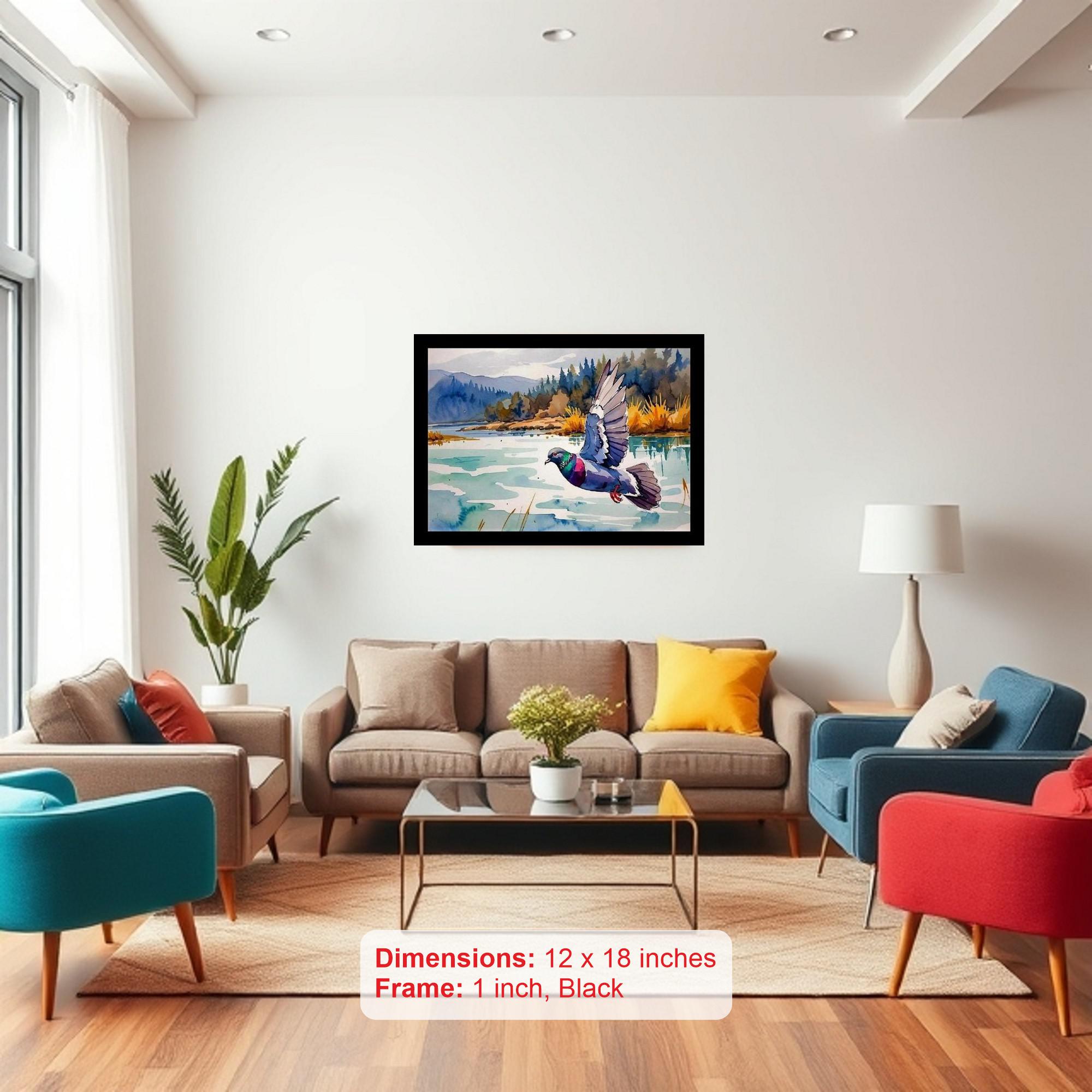 A vibrant pigeon soars over a serene lake in a picturesque landscape, a stunning artwork! The reprint bursts with vibrant colors and the print captures every delicate detail of the original portrait. The digital reprint boasts a striking composition, breathing new life into the portrait's inherent beauty. Versatile Decor: Ideal for enhancing the aesthetic appeal of living rooms and bedrooms Enhanced Durability: Weather-shield laminated digital print for lasting vibrancy and protection Premium Framing: Constructed with a high-quality, durable fiber frame for long-term stability Precise Dimensions: 30 cm x 20 cm x 1 cm
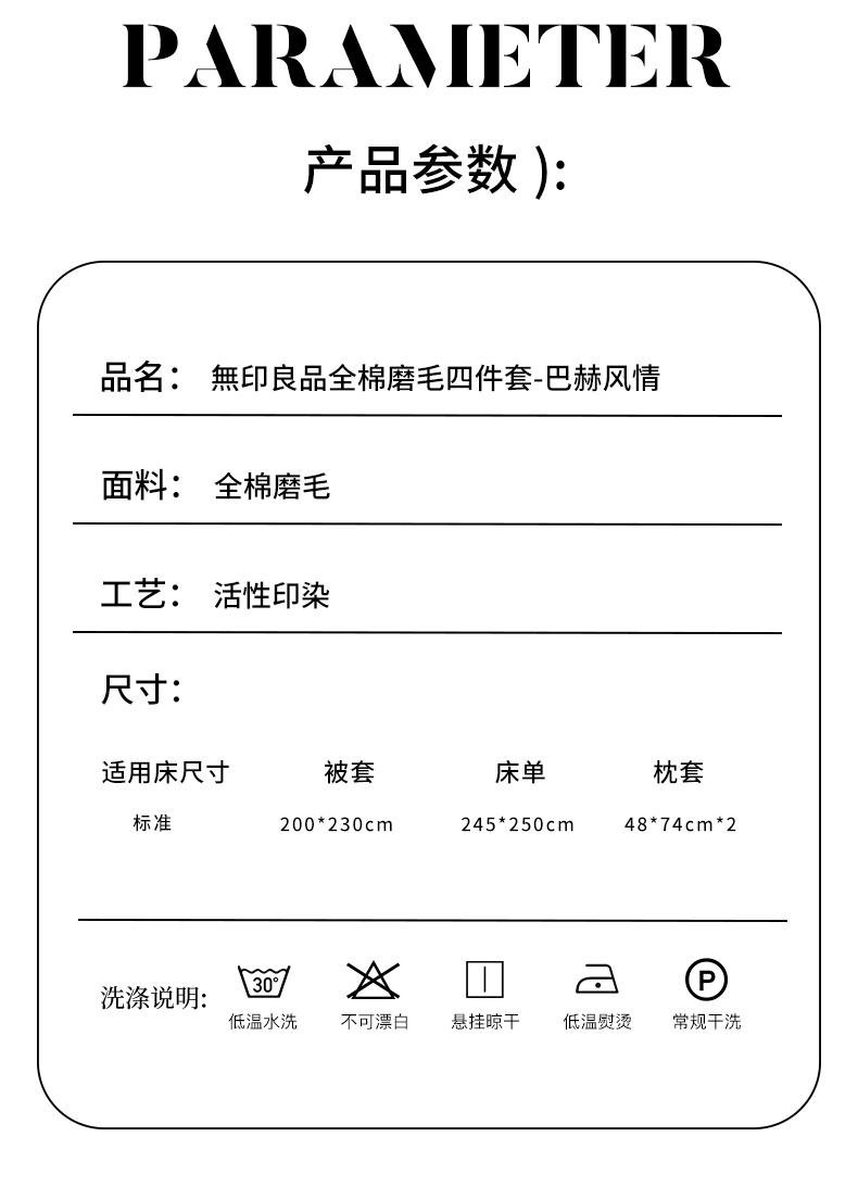 無印良品全棉磨毛四件套-巴赫风情(特价) MUJI-TJ23-77
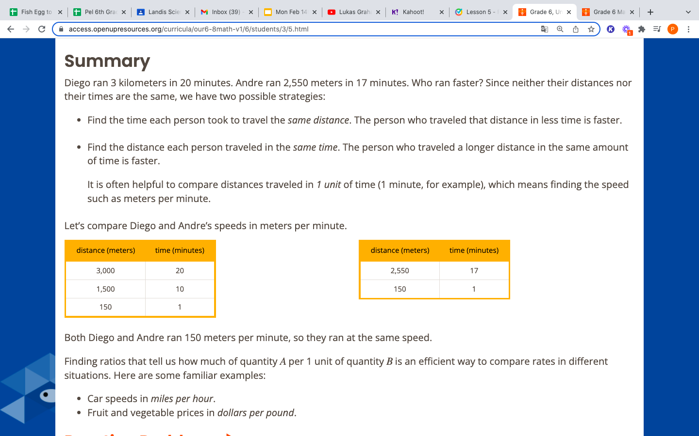 Some students did treadmill workouts, each one running at a constant speed. Answer the questions about their workouts. Explain or show your reasoning.- Tyler ran 4,200 meters in 30 minutes.
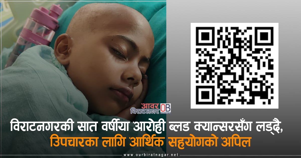 विराटनगर । विराटनगर–४ निवासी मनिकलाल गोसाई की ७ वर्षीया छोरी आरोही गोसाई विगत तीन महिनादेखि क्यान्सरबाट ज्यान बचाउने संघर्ष गरिरहेकी छिन्। चितवनस्थित बीपी कोइराला मेमोरियल क्यान्सर अस्पतालमा उपचाररत आरोहीलाई ब्लड क्यान्सर (ल्यूकिमिया) भएको चिकित्सकहरूले पुष्टि गरेका छन्। स्वास्थ्यकर्मीका अनुस. . .
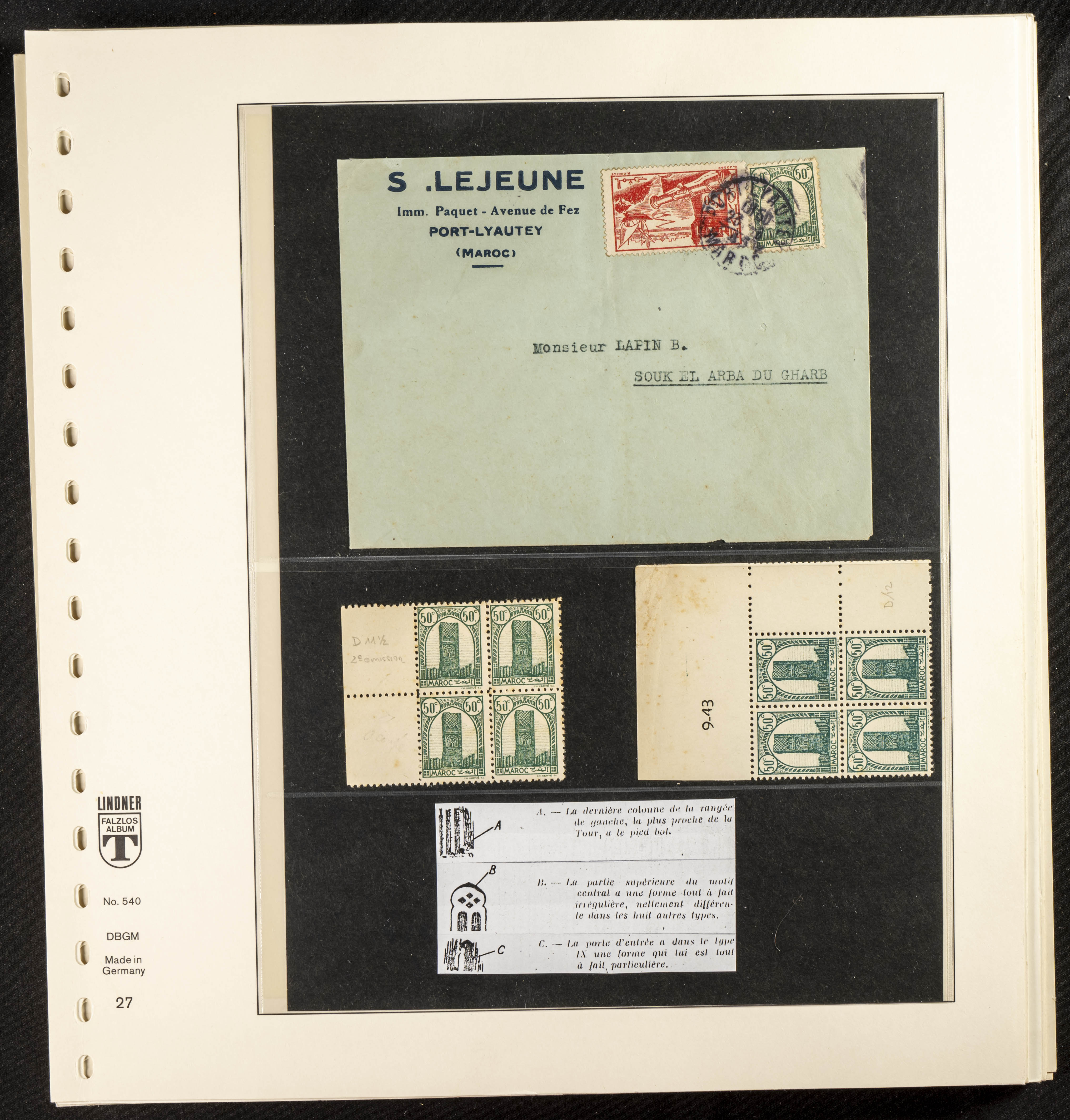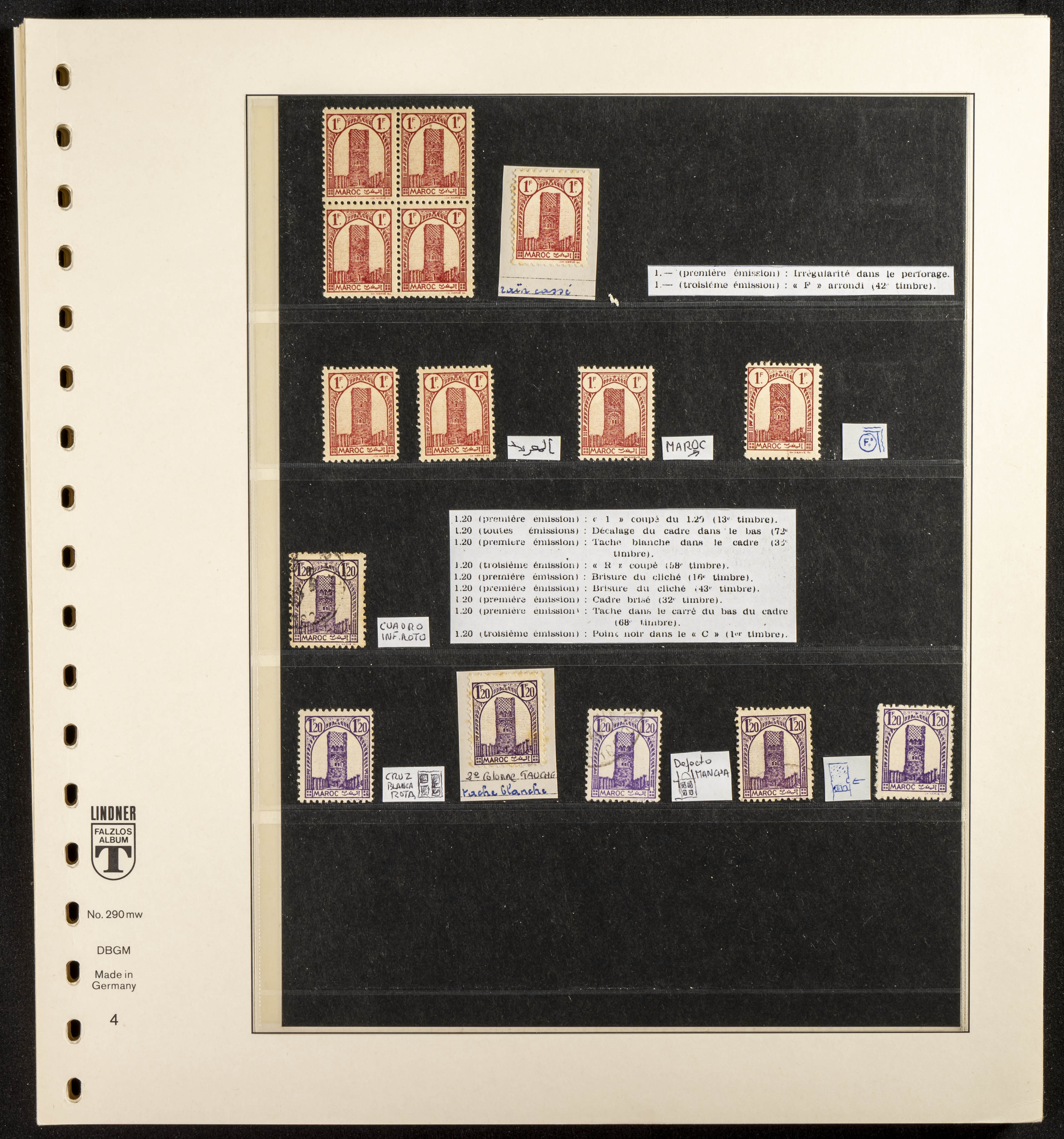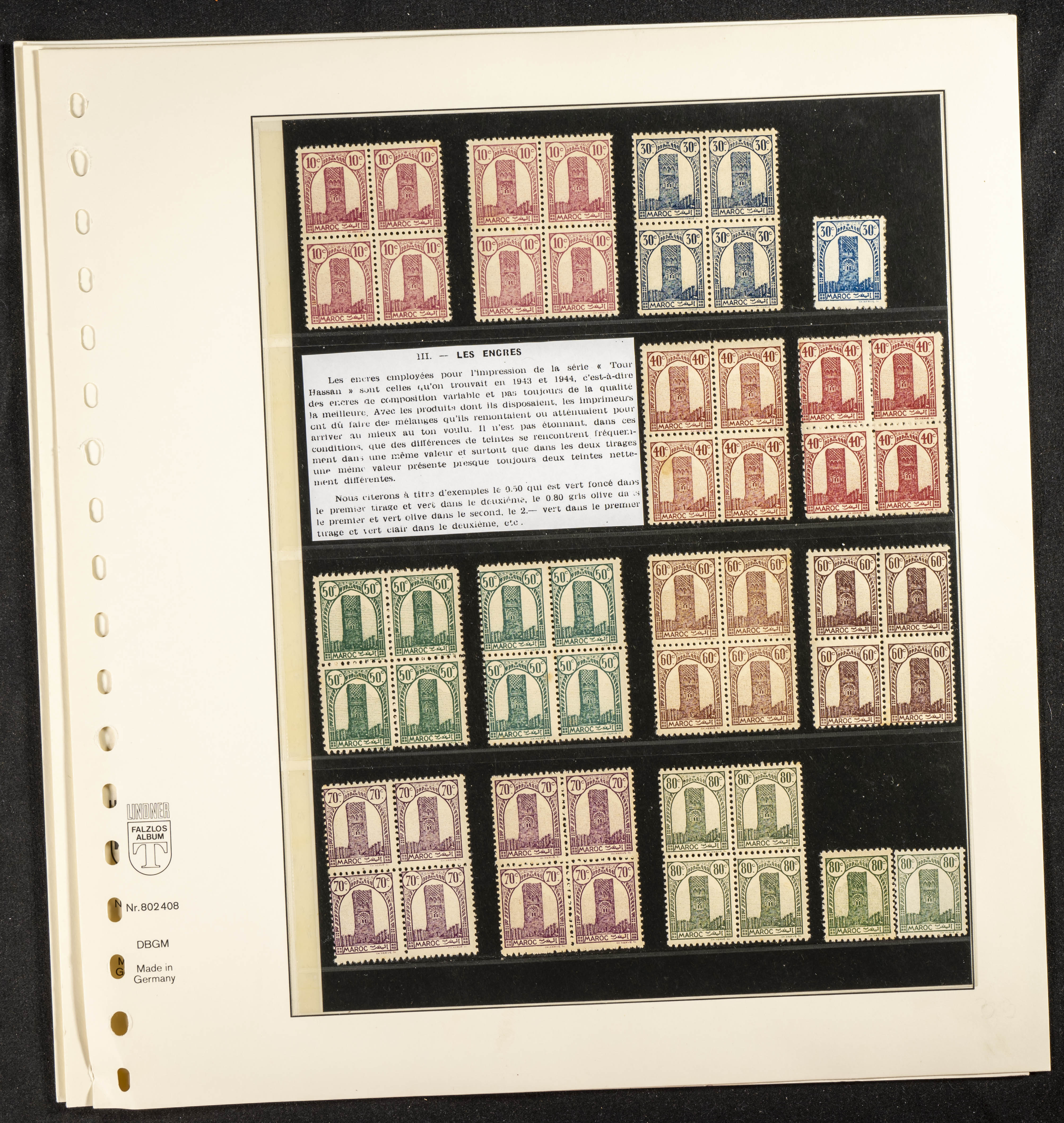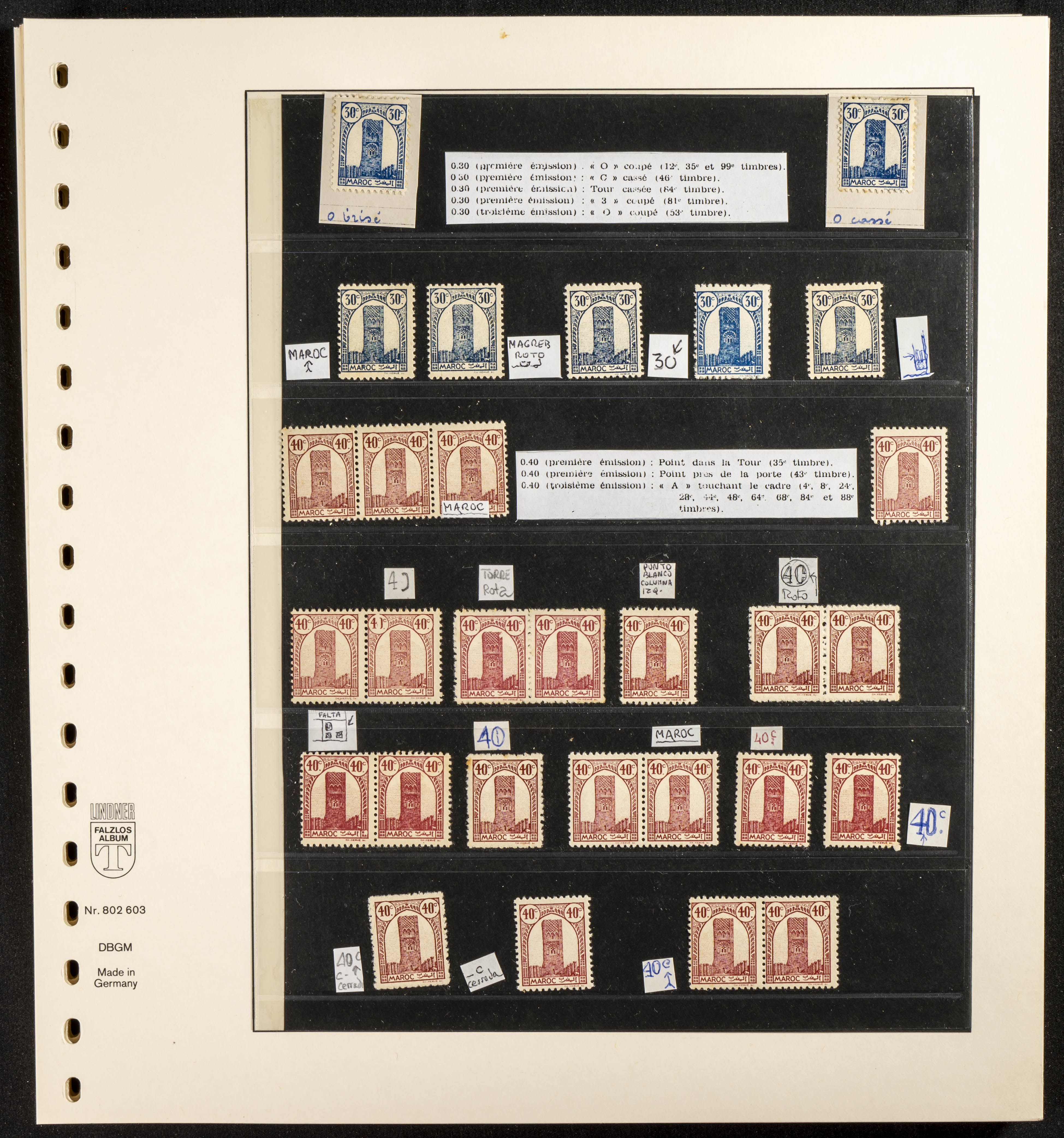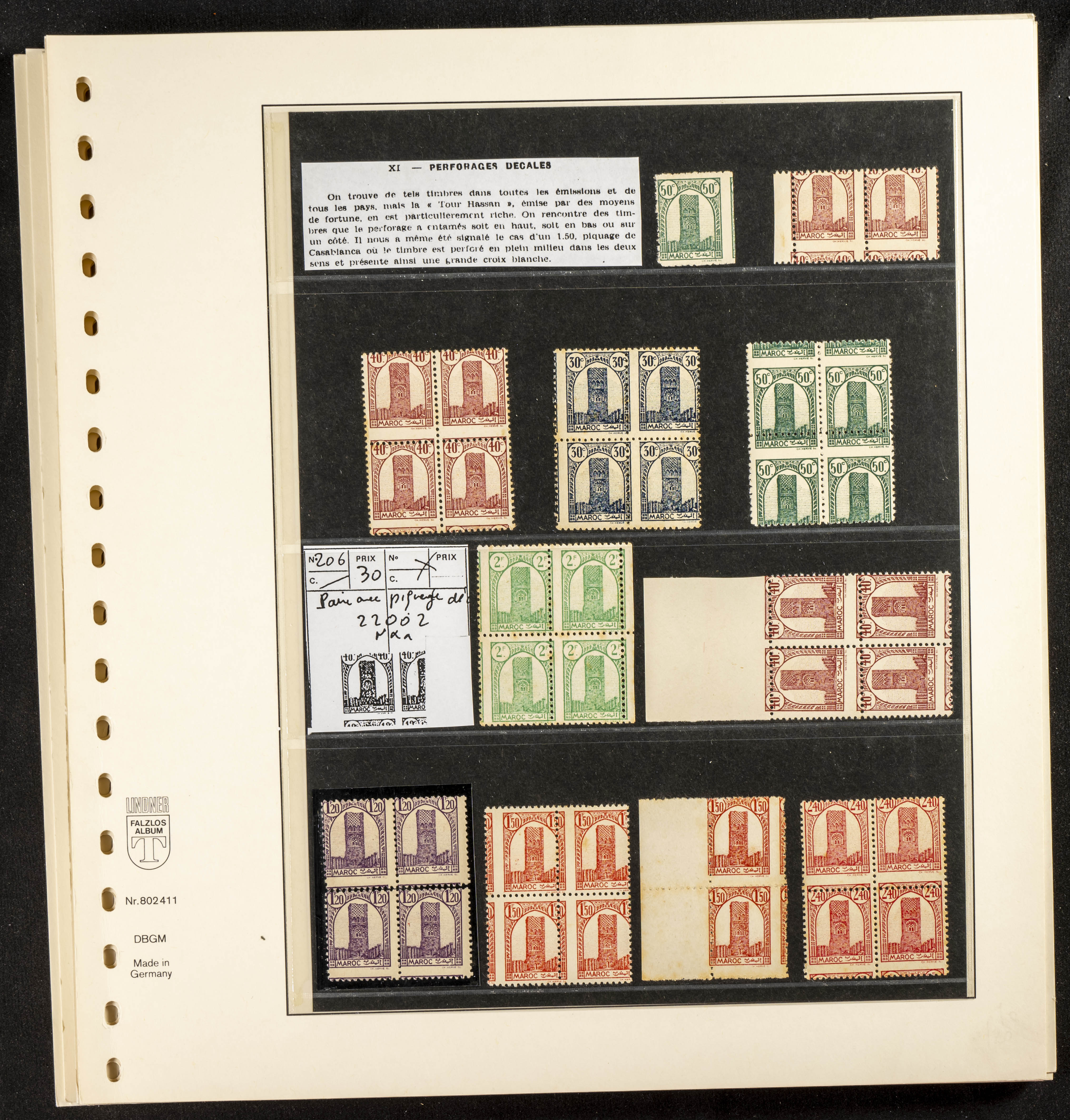 English ★/(1943ca). Spectacular collection specializing in the 1943 "Tour Hassan" issue, featuring stamp types (different print runs), perforation varieties (imperforate, partial, or offset), printing variations (backgroundless, cliché, etc.), and numerous circulated letters. HIGH CATALOG VALUE. EXAMINATION IS A MUST.
━━━━━━━━━━
Problem to solve - Transcribe each entry above character for character, omitting pictures.

Solution for this exercise -
 A vibrant pigeon soars over a serene lake in a picturesque landscape, a stunning artwork! The reprint bursts with vibrant colors and the print captures every delicate detail of the original portrait. The digital reprint boasts a striking composition, breathing new life into the portrait's inherent beauty. Versatile Decor: Ideal for enhancing the aesthetic appeal of living rooms and bedrooms Enhanced Durability: Weather-shield laminated digital print for lasting vibrancy and protection Premium Framing: Constructed with a high-quality, durable fiber frame for long-term stability Precise Dimensions: 30 cm x 20 cm x 1 cm
 無印良品全棉磨毛四件套-巴赫风情(特价) MUJI-TJ23-77
 Some students did treadmill workouts, each one running at a constant speed. Answer the questions about their workouts. Explain or show your reasoning.- Tyler ran 4,200 meters in 30 minutes.
 विराटनगर । विराटनगर–४ निवासी मनिकलाल गोसाई की ७ वर्षीया छोरी आरोही गोसाई विगत तीन महिनादेखि क्यान्सरबाट ज्यान बचाउने संघर्ष गरिरहेकी छिन्। चितवनस्थित बीपी कोइराला मेमोरियल क्यान्सर अस्पतालमा उपचाररत आरोहीलाई ब्लड क्यान्सर (ल्यूकिमिया) भएको चिकित्सकहरूले पुष्टि गरेका छन्। स्वास्थ्यकर्मीका अनुस. . .
 English ★/(1943ca). Spectacular collection specializing in the 1943 "Tour Hassan" issue, featuring stamp types (different print runs), perforation varieties (imperforate, partial, or offset), printing variations (backgroundless, cliché, etc.), and numerous circulated letters. HIGH CATALOG VALUE. EXAMINATION IS A MUST.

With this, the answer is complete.